A recent study in vitro demonstrated that a major lipofuscin component, A2E, serves as a retinoic acid receptor ligand. The current study investigated the effects of A2E on retinal pigment epithelial (RPE) cells in vivo and was performed to extend the understanding of the effects of A2E. Firstly, subretinal injection of A2E was performed and 3 weeks after the injection, and it was demonstrated that subretinal injection of A2E induced RPE cell death, and concomitant upregulation of vascular endothelial growth factor (VEGF) in the RPE and choroid.
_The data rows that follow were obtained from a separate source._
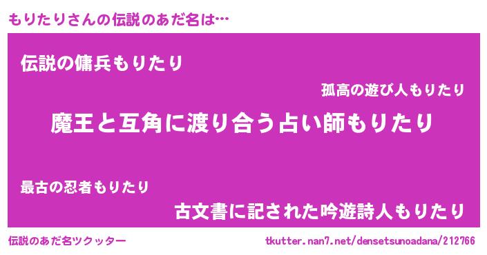 | ヒーロー風カッコイイあだ名 | 『仮面モリダー』『正義の使者もりたり』 |
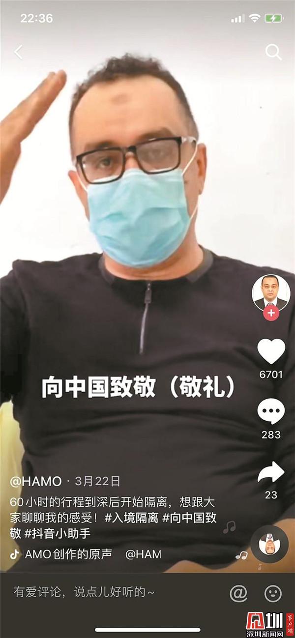 在方哈默所有抖音视频中,点赞量最高的是对中国防疫工作两次真情的致敬,他希望能借此呼吁所有入境人员都能百分之百遵从政府安排。“我希望能有更多人可以看到中国的防疫措施。”方哈默在视频中说道,“中国所有的防疫工作者都很赞,他们24小时不间断工作,你根本想象不到有多辛苦,我希望每个入境人员都百分之百遵守政府的安排。”他满怀信心地表示,接下来也会把在罗湖的抗疫短视频拍下去,希望借此机会可以把中国的声音传到更远的地方,向世界传递中国力量。
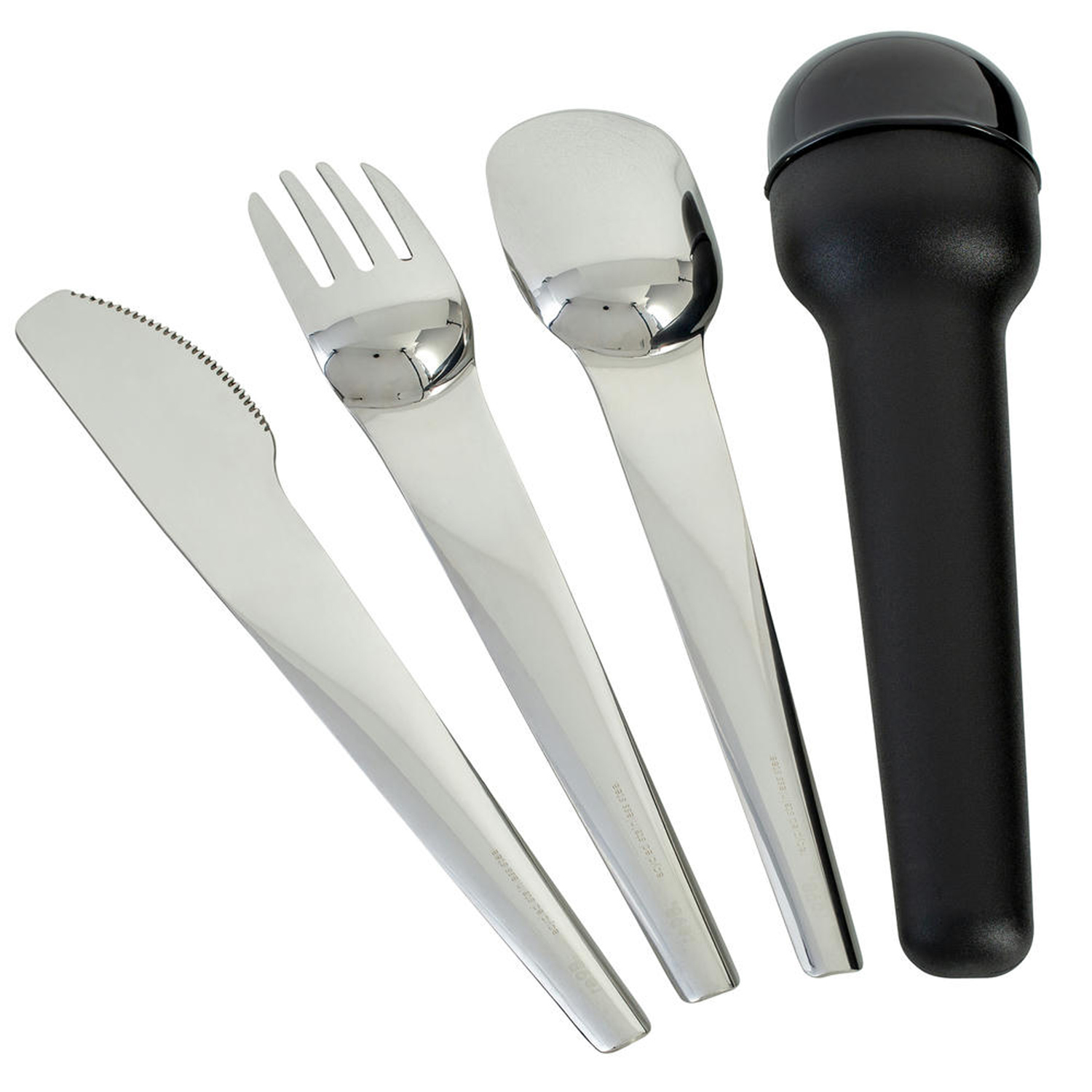 Nach dem Gebrauch kann das Set wieder in der handlichen Box verstaut werden. Die Box besteht aus recyceltem Polypropylen und recyceltem Polycarbonat und ist in den Farben Schwarz, Dunkelblau, Rot oder Weiß erhältlich. Verschlossen mit einer transparenten Kappe aus PC, lässt sich diese durch leichten Druck auf der flachen Rückseite öffnen und abnehmen (gekennzeichnet durch „Press“). Als Zusatzfunktion kann die Box als Messerbank verwendet werden und schützt dadurch die Besteckköpfe vor Kontakt mit dem Untergrund. So können Sie in jeder Umgebung hygienisch das Besteck nutzen. Zur Reinigung können alle Bestandteile in der Spülmaschine gereinigt werden.
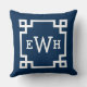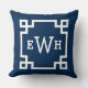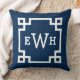 design na moda e travesseiro de sotaque quadrado moderno apresentam um design e um monograma de quadros geométricos de borda grego que podem ser personalizados. Cores azuis e brancas vibrantes do marinho. A cor de fundo pode ser modificada.
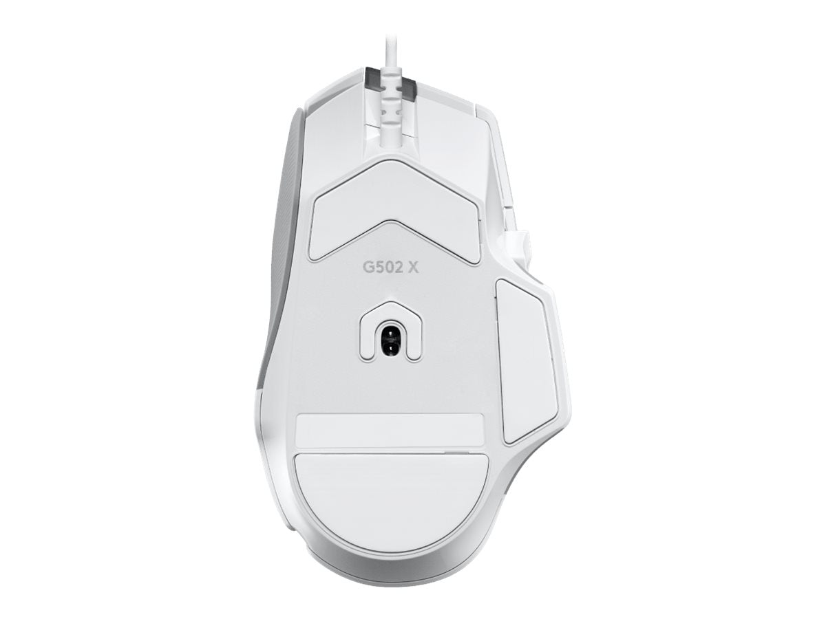 Logitech G G502 X - Souris - optique - filaire - USB - blancLa souris G502 X est la dernière nouveauté de la gamme légendaire G502. Grâce à son nouveau design, elle ne pèse plus que 89 grammes. Dotée de nos tout premiers switchs optiques-mécaniques hybrides LIGHTFORCE et du capteur à l'échelle du sous-micron HERO 25K.
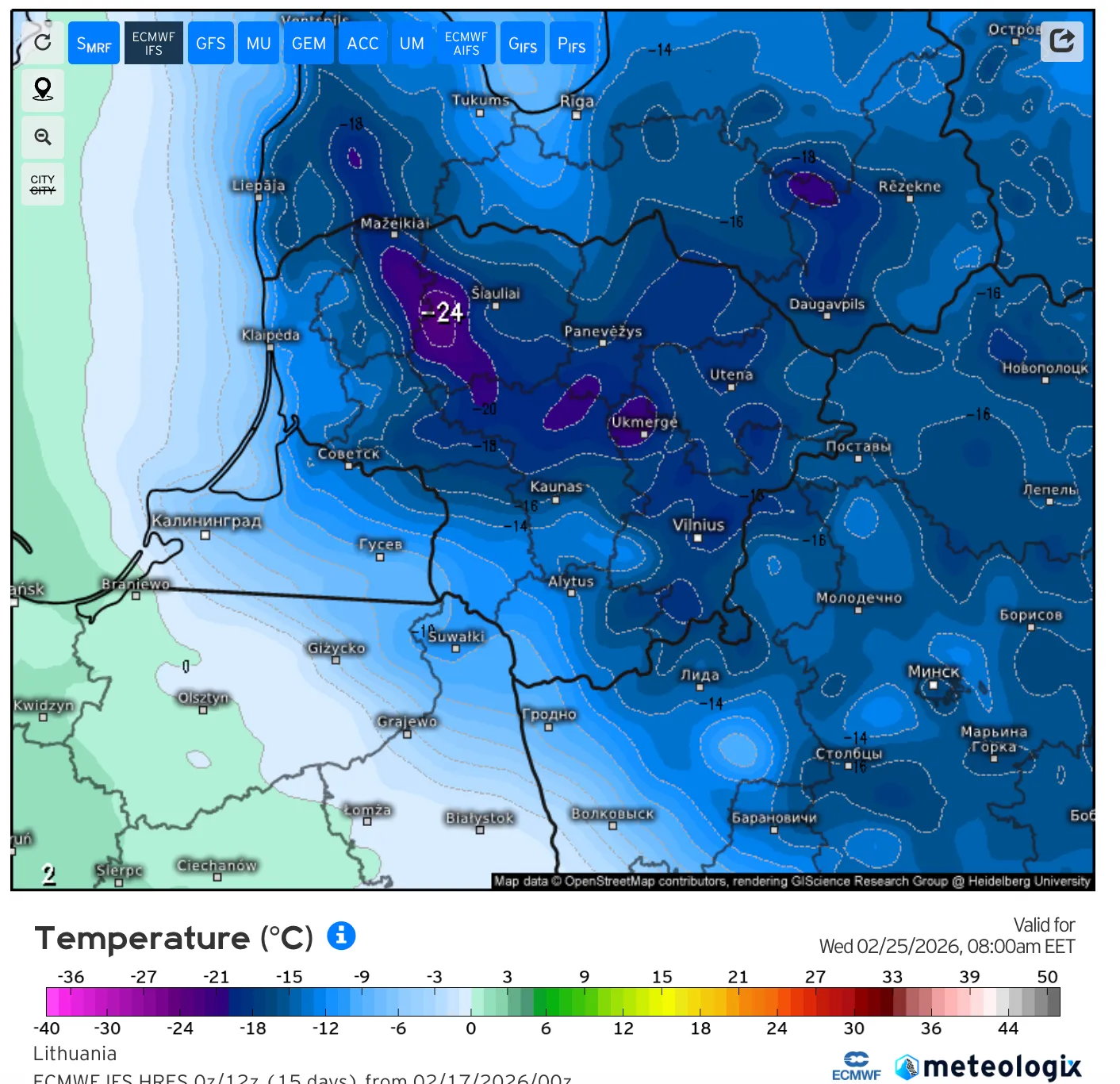 - Jutiminė temperatūra (Wind Chill): Tai pavojingiausia dalis. Dėl numatomo žvarbaus šiaurės/šiaurės rytų vėjo, jutiminė temperatūra gali siekti net -30°C.

The upregulation of VEGF was attenuated by an RARalpha antagonist. Next we performed laser photocoagulation in mice that accumulated A2E either after subretinal injection, by Ccl2 gene knockout or by aging demonstrated that mice that accumulated A2E in the RPE, which showed higher rates of choroidal neobascularization (CNV) formation after weak laser injury than the controls and the formation of CNV was inhibited by an RARalpha antagonist in all models tested. The data suggest that A2E accumulation induces RPE cell death, and concomitant increase of VEGF. Accumulation of A2E alone is not sufficient to induce CNV in vivo, but induces the expression of VEGF in RPE and choroid. The mice that accumulated A2E in RPE cells are vulnerable to CNV development via RAR activation, at least in part.